**What you will do**
Copy, word for word, the lines below from the one containing "Dispozice domu je" up to and including the one containing "Deux des quatre", with pictures left out.

**Data for analysis**

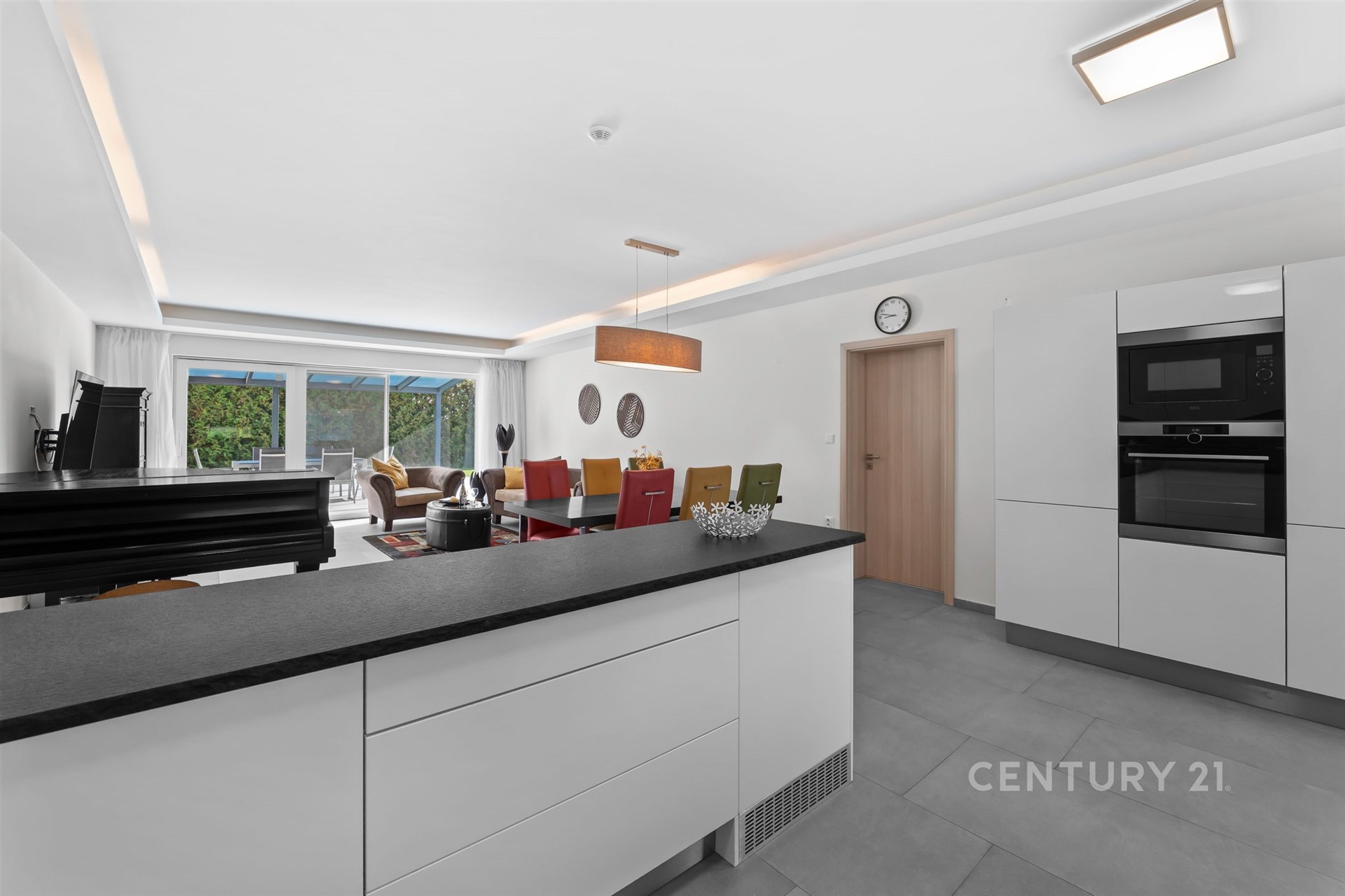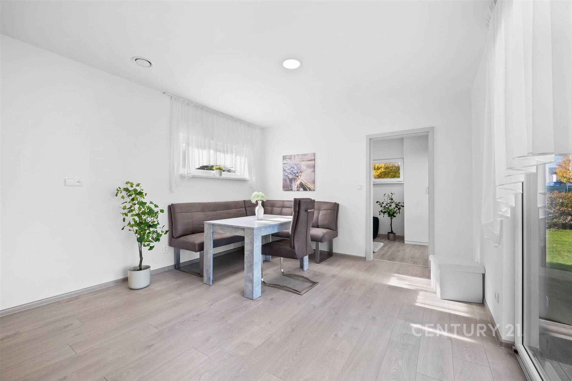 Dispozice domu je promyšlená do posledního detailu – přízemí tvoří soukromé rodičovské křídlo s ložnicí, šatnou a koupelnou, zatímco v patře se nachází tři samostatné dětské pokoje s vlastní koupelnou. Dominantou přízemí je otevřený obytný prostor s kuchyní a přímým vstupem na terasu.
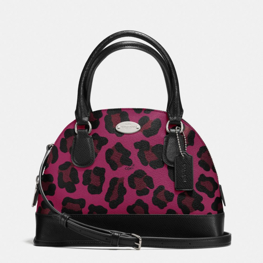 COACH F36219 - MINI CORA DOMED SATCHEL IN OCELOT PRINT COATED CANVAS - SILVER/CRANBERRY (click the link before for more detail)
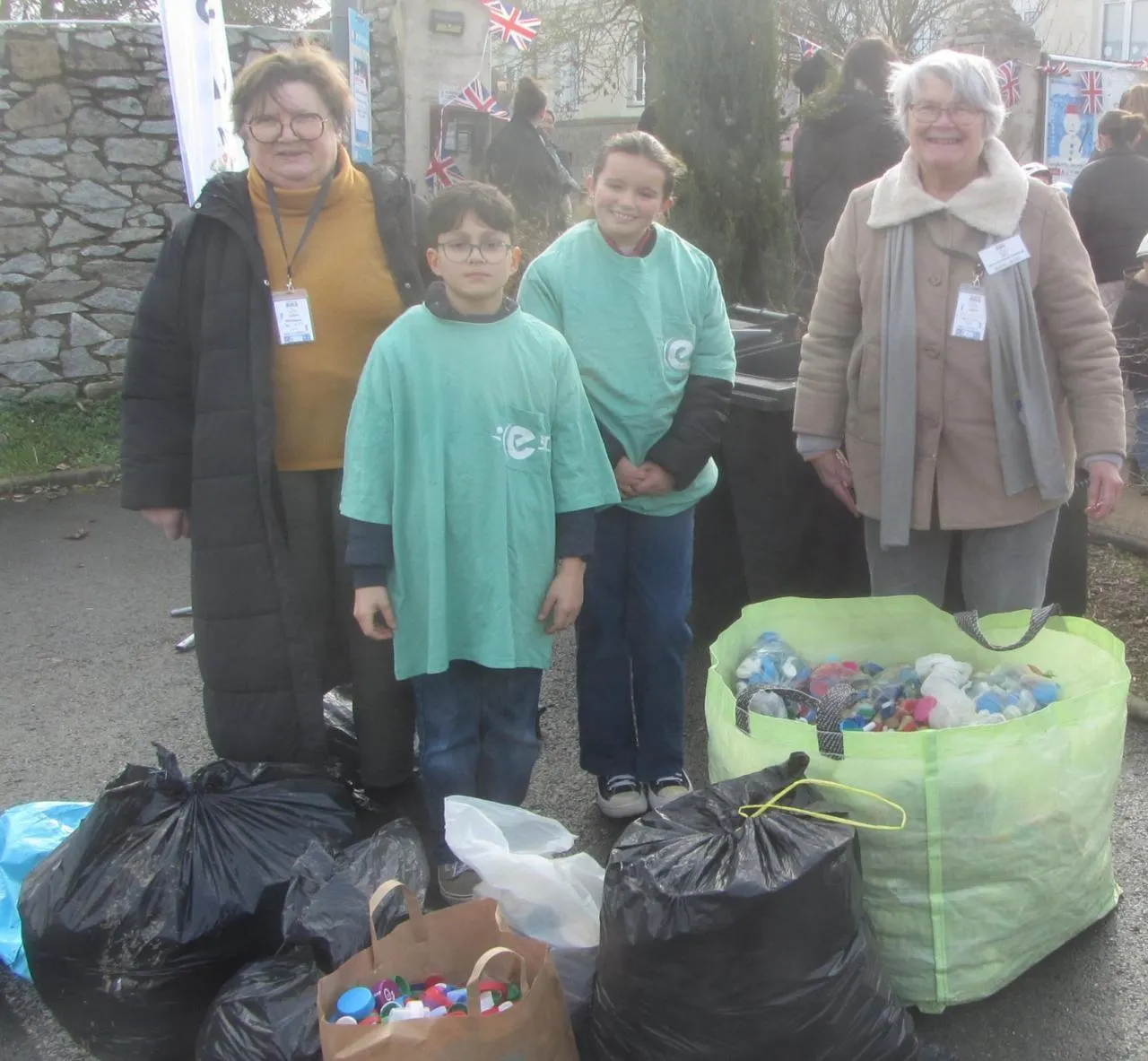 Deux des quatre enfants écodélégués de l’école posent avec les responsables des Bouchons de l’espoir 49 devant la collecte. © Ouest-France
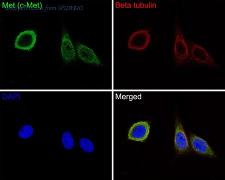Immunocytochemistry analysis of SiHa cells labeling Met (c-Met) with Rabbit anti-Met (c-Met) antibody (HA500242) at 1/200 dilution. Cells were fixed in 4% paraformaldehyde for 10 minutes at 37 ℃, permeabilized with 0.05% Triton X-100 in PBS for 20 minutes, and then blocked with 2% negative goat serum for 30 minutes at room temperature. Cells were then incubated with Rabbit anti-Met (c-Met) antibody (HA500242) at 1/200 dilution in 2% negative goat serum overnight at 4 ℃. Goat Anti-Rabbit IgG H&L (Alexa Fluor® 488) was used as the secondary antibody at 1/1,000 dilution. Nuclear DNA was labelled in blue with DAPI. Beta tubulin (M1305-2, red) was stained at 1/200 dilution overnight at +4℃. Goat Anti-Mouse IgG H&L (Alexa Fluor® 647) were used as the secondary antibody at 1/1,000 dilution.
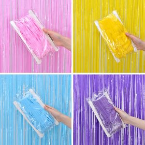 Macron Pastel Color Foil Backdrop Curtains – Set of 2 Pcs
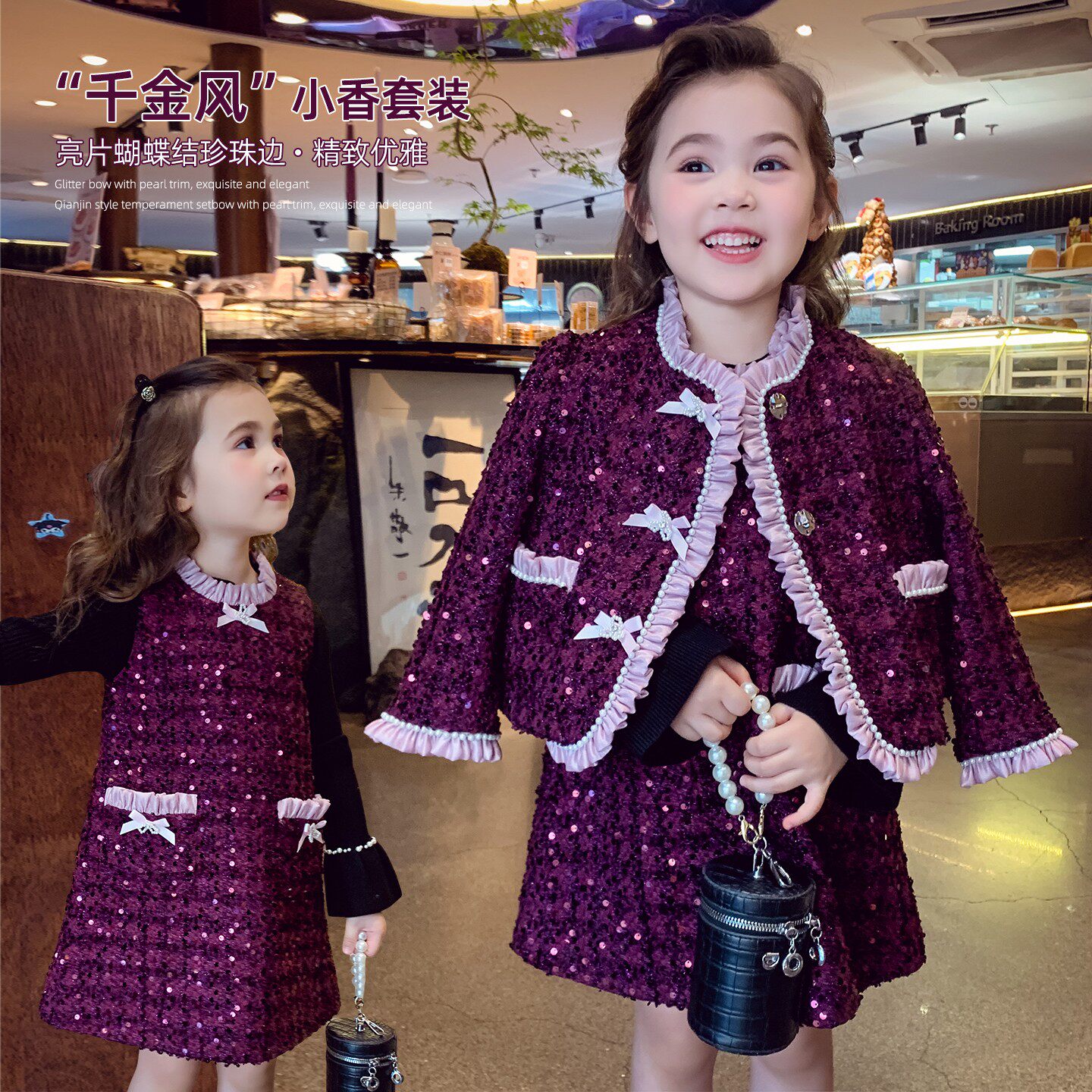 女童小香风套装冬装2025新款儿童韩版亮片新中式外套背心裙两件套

---

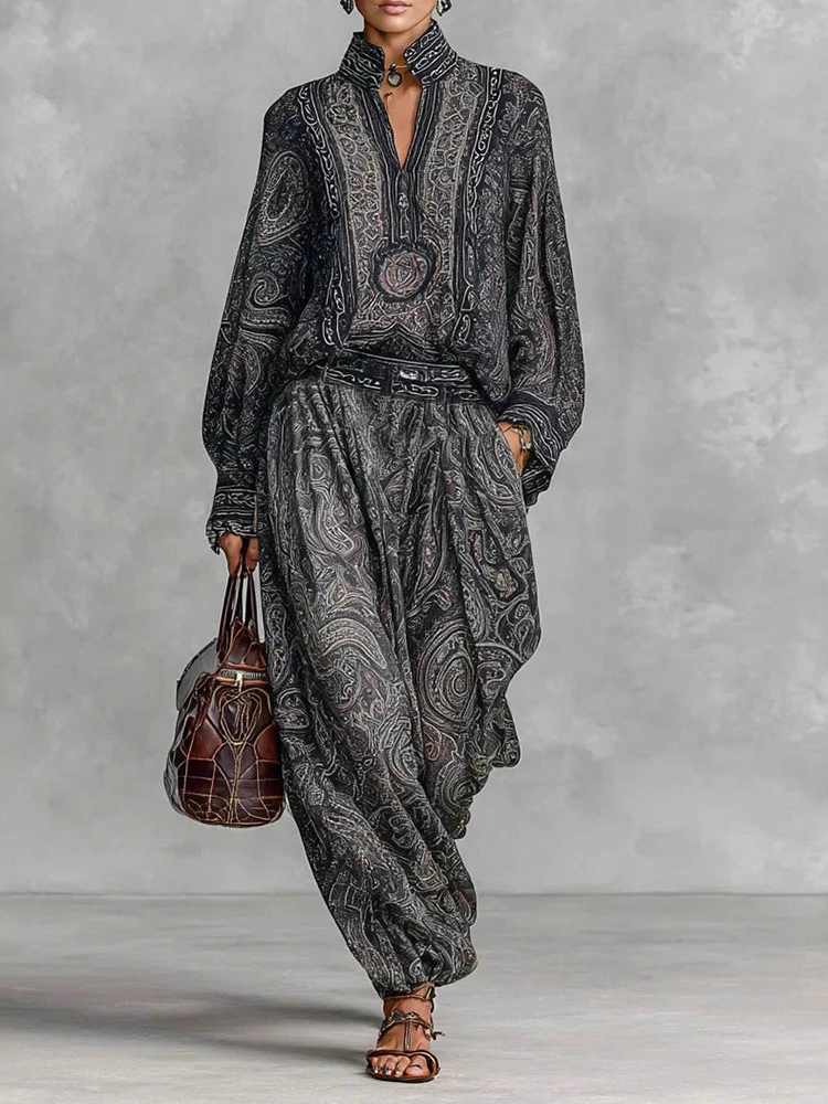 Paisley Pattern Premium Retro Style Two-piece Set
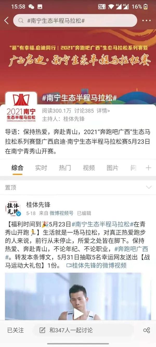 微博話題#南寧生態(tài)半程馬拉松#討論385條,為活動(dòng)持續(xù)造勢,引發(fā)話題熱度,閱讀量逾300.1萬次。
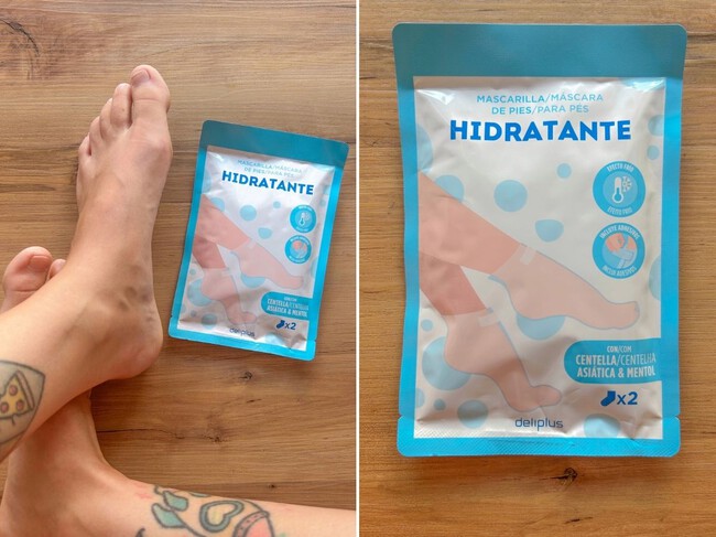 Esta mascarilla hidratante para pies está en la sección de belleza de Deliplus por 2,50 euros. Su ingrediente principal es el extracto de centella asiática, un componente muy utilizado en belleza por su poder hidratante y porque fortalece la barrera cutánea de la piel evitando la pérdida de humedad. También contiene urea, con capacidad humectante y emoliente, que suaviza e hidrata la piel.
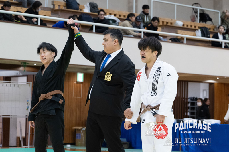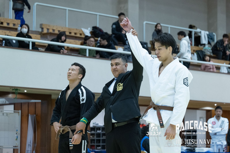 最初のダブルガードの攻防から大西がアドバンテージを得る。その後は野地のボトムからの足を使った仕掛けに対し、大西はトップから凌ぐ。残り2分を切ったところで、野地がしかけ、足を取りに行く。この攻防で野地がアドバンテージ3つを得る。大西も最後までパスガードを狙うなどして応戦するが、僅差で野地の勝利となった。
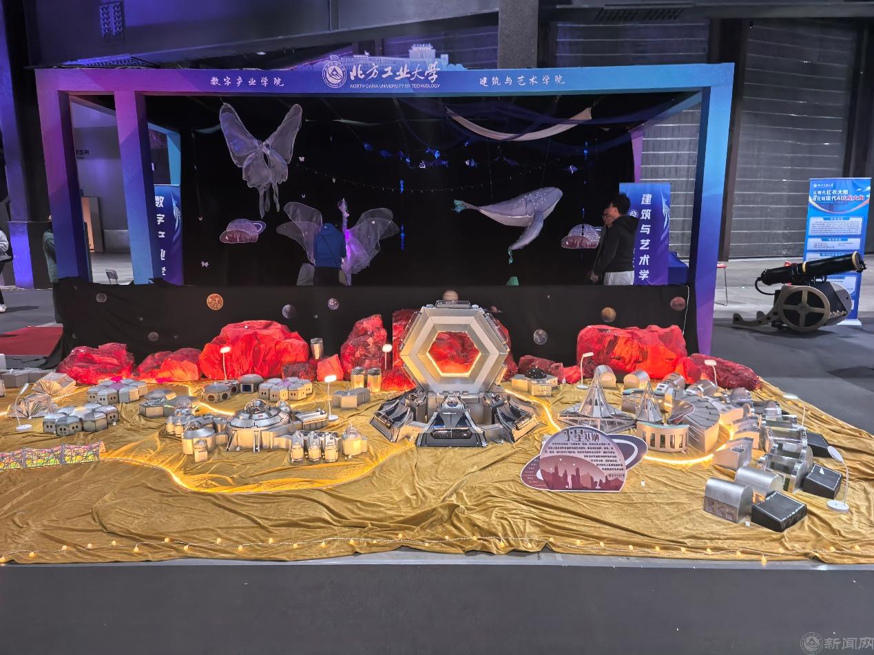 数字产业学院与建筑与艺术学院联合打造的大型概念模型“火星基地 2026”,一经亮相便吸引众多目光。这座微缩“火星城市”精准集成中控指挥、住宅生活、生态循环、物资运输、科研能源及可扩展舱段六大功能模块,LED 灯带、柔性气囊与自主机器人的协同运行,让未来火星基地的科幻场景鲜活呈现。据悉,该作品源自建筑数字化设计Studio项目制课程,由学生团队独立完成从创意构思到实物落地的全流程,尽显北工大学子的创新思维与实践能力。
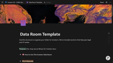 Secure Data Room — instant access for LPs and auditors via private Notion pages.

--

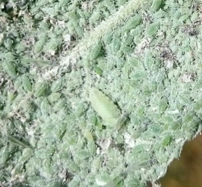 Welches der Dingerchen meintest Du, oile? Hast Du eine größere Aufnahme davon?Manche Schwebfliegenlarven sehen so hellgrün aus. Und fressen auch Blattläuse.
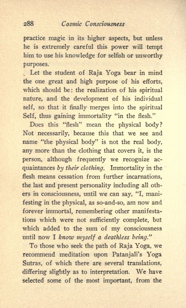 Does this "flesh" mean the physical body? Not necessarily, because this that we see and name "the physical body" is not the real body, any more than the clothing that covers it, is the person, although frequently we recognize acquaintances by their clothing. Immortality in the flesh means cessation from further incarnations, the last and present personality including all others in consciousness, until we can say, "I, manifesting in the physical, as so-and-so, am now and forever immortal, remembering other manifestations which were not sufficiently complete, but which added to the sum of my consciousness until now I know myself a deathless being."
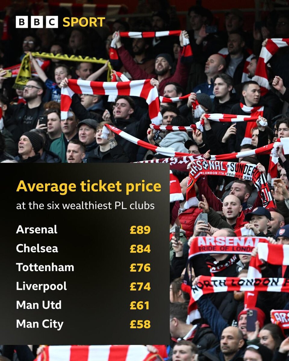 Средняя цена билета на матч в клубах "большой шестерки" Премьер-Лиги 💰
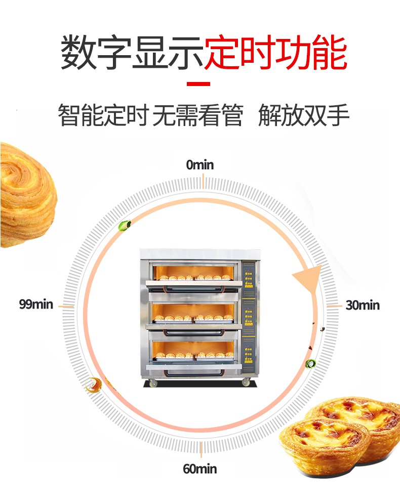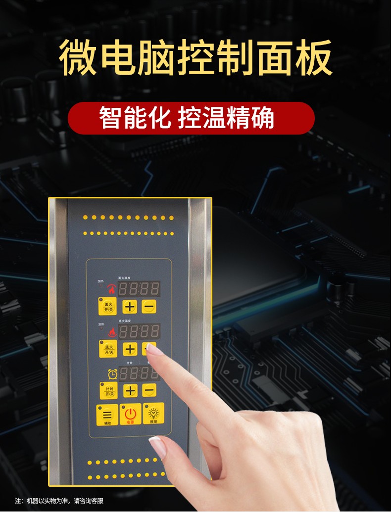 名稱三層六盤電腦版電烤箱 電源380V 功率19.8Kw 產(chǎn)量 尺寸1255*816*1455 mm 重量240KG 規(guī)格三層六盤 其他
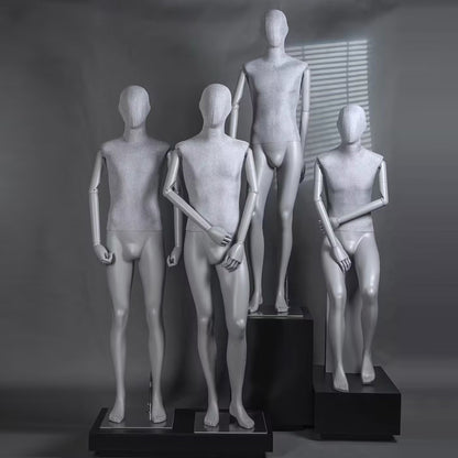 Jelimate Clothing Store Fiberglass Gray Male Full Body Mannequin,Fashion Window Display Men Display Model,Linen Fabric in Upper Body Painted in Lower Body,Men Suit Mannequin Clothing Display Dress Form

**Exercise output**
 Dispozice domu je promyšlená do posledního detailu – přízemí tvoří soukromé rodičovské křídlo s ložnicí, šatnou a koupelnou, zatímco v patře se nachází tři samostatné dětské pokoje s vlastní koupelnou. Dominantou přízemí je otevřený obytný prostor s kuchyní a přímým vstupem na terasu.
 COACH F36219 - MINI CORA DOMED SATCHEL IN OCELOT PRINT COATED CANVAS - SILVER/CRANBERRY (click the link before for more detail)
 Deux des quatre enfants écodélégués de l’école posent avec les responsables des Bouchons de l’espoir 49 devant la collecte. © Ouest-France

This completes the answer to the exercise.